The Study of the Low-Energy Resonances in the Proton and Calcium-40 Fusion Reaction

The $^{40}$Ca(p,$\gamma$)$^{41}$Sc reaction is crucial in nova nucleosynthesis on oxygen-neon (ONe) white dwarfs, influencing the synthesis of heavier isotopes like iron under energetic conditions reaching temperatures of $T$ $\geq$ 0.3 GK. Novae involving ONe white dwarfs follow NeNa- and subsequent MgAl- and SiP-cycles [1], with predictions suggesting these explosions on more massive Ne white dwarfs can synthesize isotopes up to the Ca range [2,3]. Understanding these reaction patterns and rates remains a challenge in nuclear astrophysics, particularly at the endpoint of nucleosynthesis networks driving novae. Furthermore, the $^{40}$Ca(p,$\gamma$)$^{41}$Sc reaction bridges $sd$-shell and $fp$-shell nuclei, impacting the flow of nucleosynthesis in novae.

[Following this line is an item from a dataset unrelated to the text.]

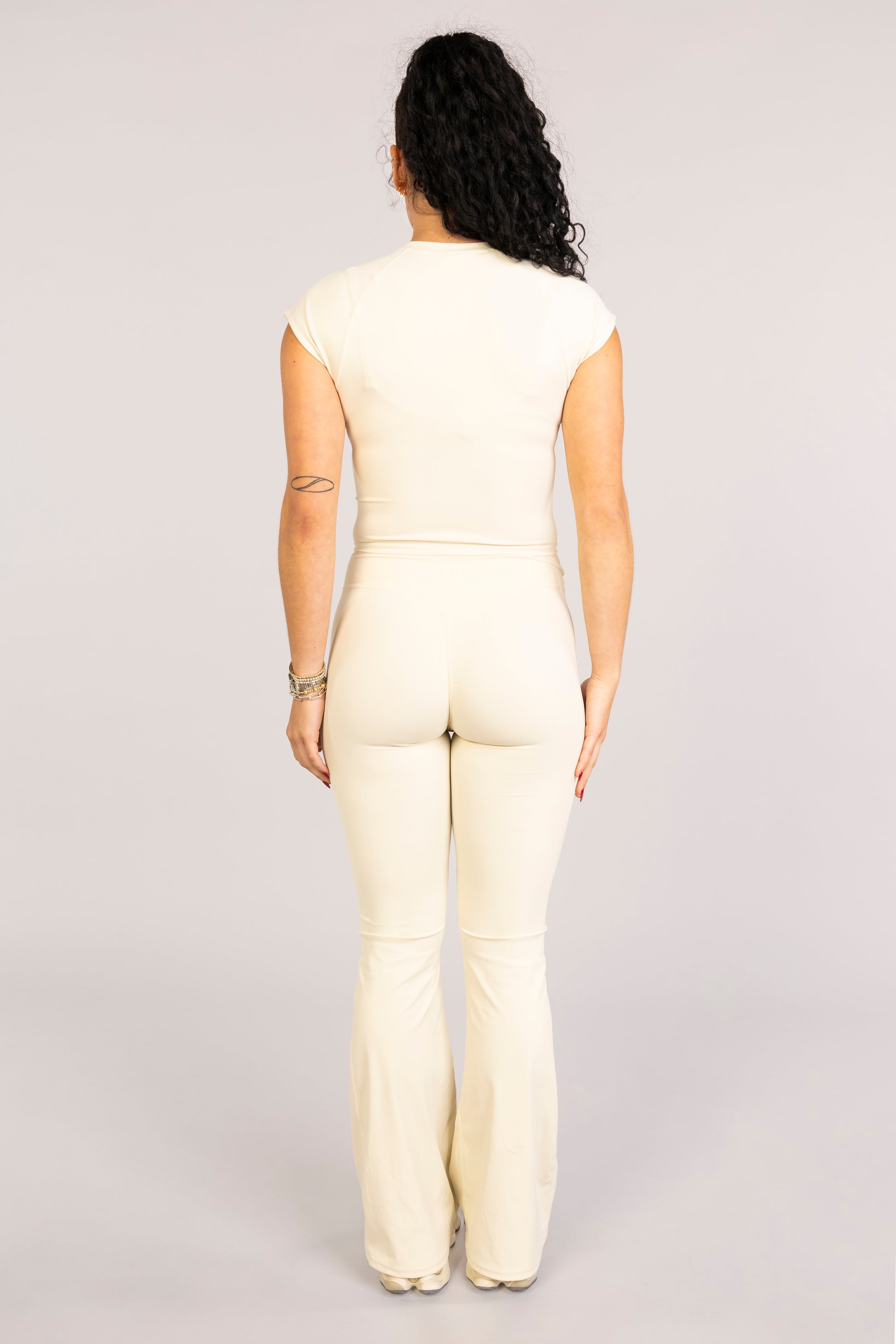 Design: Minimal yet bold, the Nova Flare Leggings feature a streamlined look with clean seams and subtle branding. The crossover waist detail and flare finish set them apart—an elevated design that transitions seamlessly from training to everyday style.

At novae temperatures, the $^{40}$Ca(p,$\gamma$)$^{41}$Sc reaction is governed by a low energy resonance at $E_\mathrm{R}^{\mathrm{lab}}$ = 650 keV, which currently suffers from large uncertainties [4].

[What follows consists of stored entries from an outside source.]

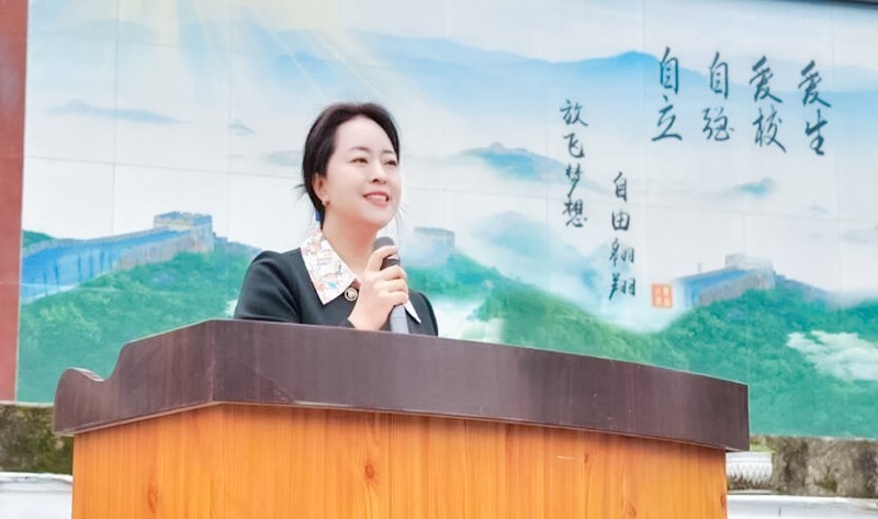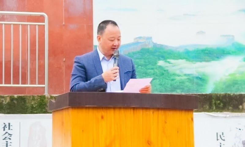 蒲明刚致欢迎辞,介绍了双桂小学的历史以及取得的成绩,并表示将深入挖掘双桂当地文化内涵,形成独特的“百折不挠忠贞报国”的校园文化,形成自己鲜明的教育特色,全力为南充市的发展办好教育、培养人才。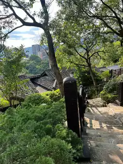 The Shaoshuai Zen Garden is located in Beitou. You can take a bus or taxi from the Xinbeitou MRT Station to the mountain. The Shaoshuai Zen Garden was originally the residence of Zhang Xueliang during his confinement. The architectural style incorporates strong Japanese elements and is infused with Zen design concepts to create a quiet and elegant atmosphere. Zhang Xueliang spent a period of confinement here. Later, this place was transformed into a cultural attraction, allowing today's tourists to walk into history and feel the traces left by that time. The entrance ticket of 200 yuan can be used as a consumption, but we don't need to pay for the ticket if we make an appointment for the hot spring house. After entering the gate, you have to walk up a flight of stairs to enter, and along the way it feels like you are in a Japanese garden.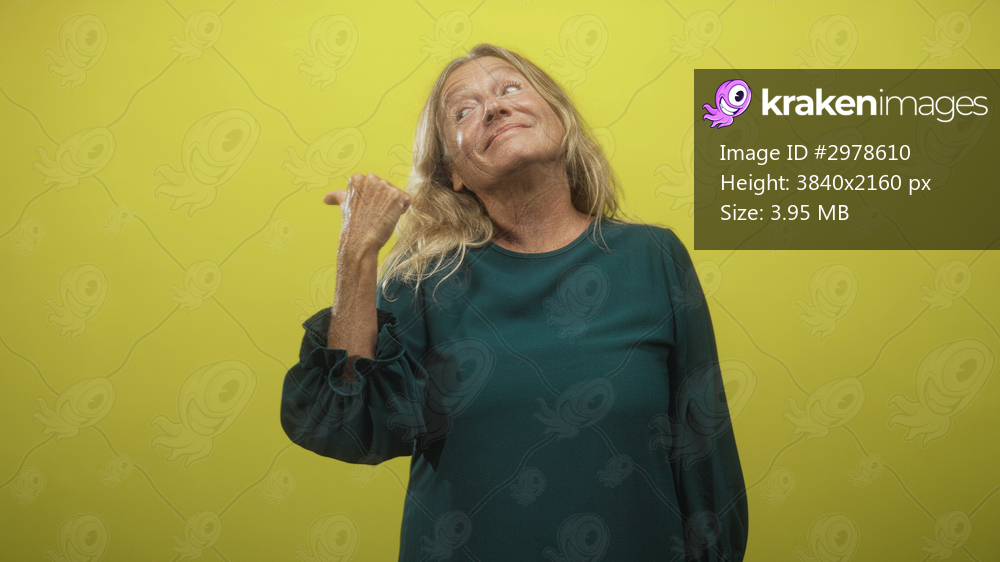 Senior woman with exposed hand gesturing thumb over shoulder pointing to self in a studio with bright yellow backdrop; quiet pride.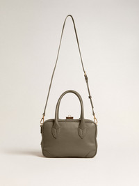 Our Vita Bag is a tribute the triumphant epoch of La Dolce Vita and its aesthetic codes, speaking to the wanderlust of the refined traveler. In sage-green sheepskin leather, this model features a double closure: a double-pull zip and a golden key. The gold logo printed on the front and the snap hook enclosed in a leather case on the outside add the finishing touch. DETAILS Item No. 8050235736757 - Color: sage green - Lock closure with gold-tone buckle with side buttons - Double-pull zip fastening - Inside pocket with gold-tone zip closure - Inner card holder - Two inner document pockets - Double side hook - Gold logo on the front - Leather shoulder strap - Leather-covered snap hook - Main material: 100% sheepskin leather - Lining: 100% sheepskin leather - Size: 25 x 31 x 11 cm - Chain length: 110 cm to fourth hole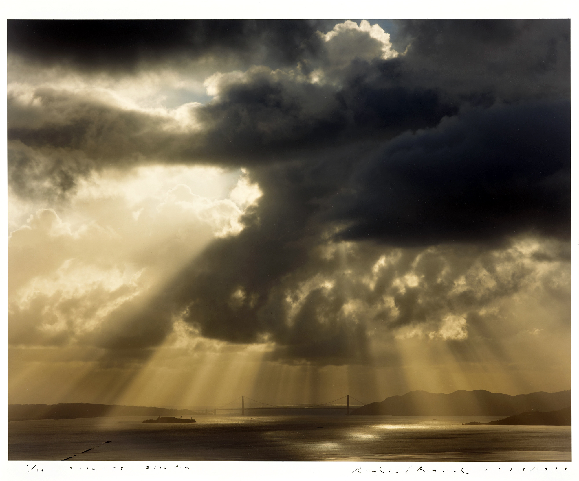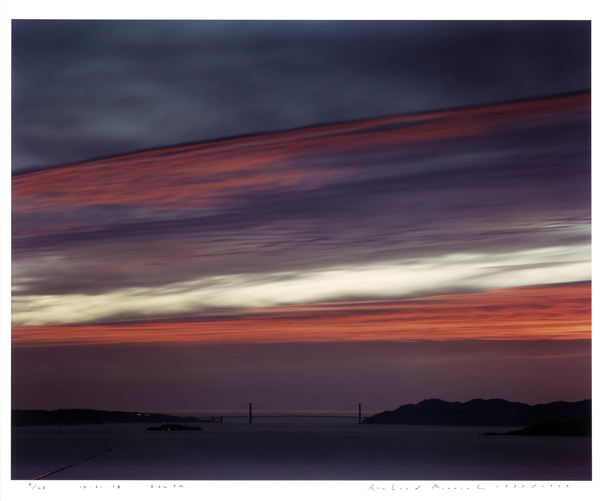 A number of artists in the exhibition document seasonal and man-made changes in the landscape. In a 1953 series by William A. Garnett, aerial photography is used to capture a walnut grove before and after the trees were felled to make way for a housing development. The startling perspective of Garnett’s images came to play an important role in the burgeoning environmental movement. Richard Misrach used his move to a new home in the hills above Berkeley, California, as an opportunity to take hundreds of photographs of the astonishing range of colours and atmospheric conditions surrounding the Golden Gate Bridge at sunset each evening. Several of his richly saturated sunset images are featured in the exhibition. Works by Roni Horn, Jem Southam, and Josef Sudek also trace changes in the natural world, to both political and poetic effect.

More precise measurement of this resonance is crucial for refining stellar nucleosynthesis models and predicting isotopic production in various astrophysical contexts.

The present study focuses on the direct measurement of the $E_\mathrm{R}^{\mathrm{lab}}$ = 650 keV and 1840 keV low-energy resonances using the 5U accelerator at the Nuclear Science Laboratory, University of Notre Dame, USA. The talk will detail the experimental setup, techniques employed, and preliminary results.

References: \\

$[1]$ J. José, M. Hernanz, The Astrophysical Journal \textbf{494}, 680-690 (1998). \\

$[2]$ M. Wiescher \textit{et al.,} Astronomy and Astrophysics \textbf{160}, 56-72 (1986). \\

$[3]$ M. Wiescher and J. Görres, Astrophysical Journal \textbf{346}, 1041 (1989). \\

$[4]$ C. Iliadis \textit{et al.,} Nuclear Physics A \textbf{841}, 251 (2010).